Unfortunately, this code, too, breaks with the new StopIteration
propagation rules.

On Sun, Apr 15, 2018 at 1:05 AM, Tim Peters  wrote:
> Just for fun - no complaint, no suggestion, just sharing a bit of code
> that tickled me.
>
> The docs for `itertools.tee()` contain a Python work-alike, which is
> easy to follow.  It gives each derived generator its own deque, and
> when a new value is obtained from the original iterator it pushes that
> value onto each of those deques.
>
> Of course it's possible for them to share a single deque, but the code
> gets more complicated.  Is it possible to make it simpler instead?
>
> What it "really" needs is a shared singly-linked list of values,
> pointing from oldest value to newest.  Then each derived generator can
> just follow the links, and yield its next result in time independent
> of the number of derived generators.  But how do you know when a new
> value needs to be obtained from the original iterator, and how do you
> know when space for an older value can be recycled (because all of the
> derived generators have yielded it)?
>
> I ended up with almost a full page of code to do that, storing with
> each value and link a count of the number of derived generators that
> had yet to yield the value, effectively coding my own reference-count
> scheme by hand, along with "head" and "tail" pointers to the ends of
> the linked list that proved remarkably tricky to keep correct in all
> cases.
>
> Then I thought "this is stupid!  Python already does reference
> counting."  Voila!  Vast swaths of tedious code vanished, giving this
> remarkably simple implementation:
>
> def mytee(xs, n):
> last = [None, None]
>
> def gen(it, mylast):
> nonlocal last
> while True:
> mylast = mylast[1]
> if not mylast:
> mylast = last[1] = last = [next(it), None]
> yield mylast[0]
>
> it = iter(xs)
> return tuple(gen(it, last) for _ in range(n))
>
> There's no need to keep a pointer to the start of the shared list at
> all - we only need a pointer to the end of the list ("last"), and each
> derived generator only needs a pointer to its own current position in
> the list ("mylast").
>
> What I find kind of hilarious is that it's no help at all as a
> prototype for a C implementation:  Python recycles stale `[next(it),
> None]` pairs all by itself, when their internal refcounts fall to 0.
> That's the hardest part.
>
> BTW, I certainly don't suggest adding this to the itertools docs
> either.  While it's short and elegant, it's too subtle to grasp easily
> - if you think "it's obvious", you haven't yet thought hard enough
> about the problem ;-)
> ___
> Python-ideas mailing list
> Python-ideas@python.org
> https://mail.python.org/mailman/listinfo/python-ideas
> Code of Conduct: http://python.org/psf/codeofconduct/
___
Python-ideas mailing list
Python-ideas@python.org
https://mail.python.org/mailman/listinfo/python-ideas
Code of Conduct: http://python.org/psf/codeofconduct/


Re: [Python-ideas] A cute Python implementation of itertools.tee

2018-05-07 Thread Tim Peters
I posted this several weeks ago, just for fun - an obscure but
surprisingly brief Python implementation of itertools.tee, sharing a
single stream (as a singly linked list) among all the returned
iterables.

Didn't think about it again until today, when recent discussions of
lexical scoping made me wonder "hmm - when's the last time I even used
nonlocal?".  Well, this was.  And shortly thereafter, "but there's no
need to keep track of `last` at all!"  I have no idea where that
thought came from :-)

> def mytee(xs, n):
> last = [None, None]
>
> def gen(it, mylast):
> nonlocal last
> while True:
> mylast = mylast[1]
> if not mylast:
> mylast = last[1] = last = [next(it), None]
> yield mylast[0]
>
> it = iter(xs)
> return tuple(gen(it, last) for _ in range(n))

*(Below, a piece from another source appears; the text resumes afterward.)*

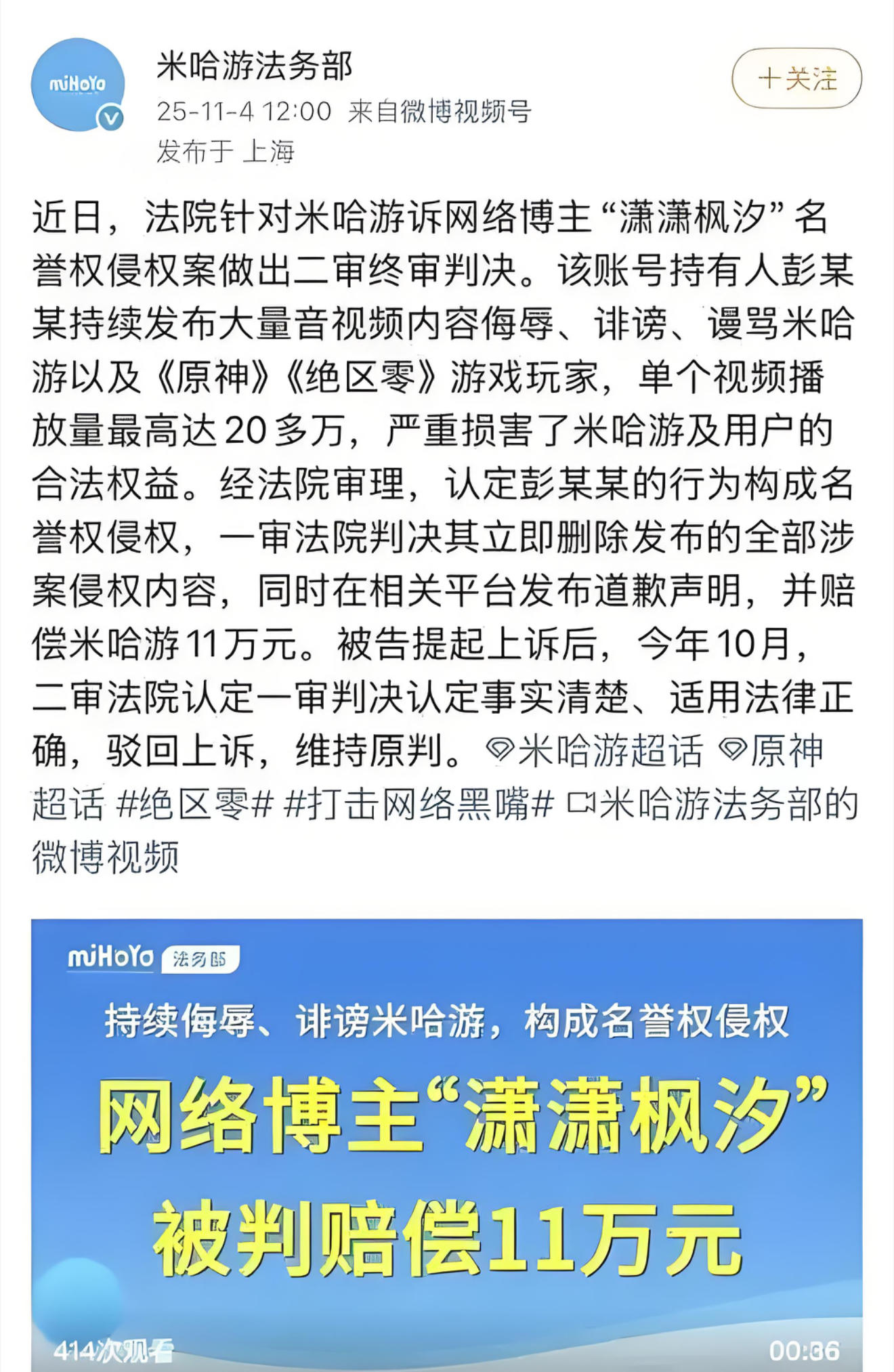 11万判赔+终审胜诉!米哈游维权再亮剑,恶意诋毁博主公开致歉‼️✅️近日,米哈游诉网络博主“潇潇枫汐”(账号持有人彭某某)名誉权侵权案迎来终审结果——上海市第一中级人民法院驳回上诉,维持一审原判,认定该博主长期发布侮辱诽谤内容构成侵权,需删除全部涉案内容、公开道歉,并赔偿米哈游11万元经济损失及维权开支 !✅️这一判决不仅为被侵害的企业与玩家正名,更彰显了“网络绝非法外之地”的法治底线。🤔值

So, in fact, the inner function there can be replaced by the even briefer:

def gen(it, mylast):
while True:
if mylast[1] is None:
mylast[1] = [next(it), None]
mylast = mylast[1]
yield mylast[0]

To make it more relevant to current discussions, collapsing the last
two lines using a binding expression:

yield (mylast := mylast[1])[0]

isn't even slightly tempting.  Most of the cases where it would be
_possible_ to use binding expressions don't strike me as being
_sensible_ places to use them - slamming together conceptually
different tasks just because it's possible to do so.  But because name
bindings are so very common, that still leaves plenty where the
transformation leaves the code clearer to my eyes (usually just a
little, rarely a lot).  There are no such cases in the code above.
___
Python-ideas mailing list
Python-ideas@python.org
https://mail.python.org/mailman/listinfo/python-ideas
Code of Conduct: http://python.org/psf/codeofconduct/


Re: [Python-ideas] A cute Python implementation of itertools.tee

2018-04-16 Thread Steven D'Aprano
On Sun, Apr 15, 2018 at 08:35:51PM +0300, Serhiy Storchaka wrote:

> I have ideas about implementing zero-overhead try/except, but I have 
> doubts that it is worth. The benefit seems too small.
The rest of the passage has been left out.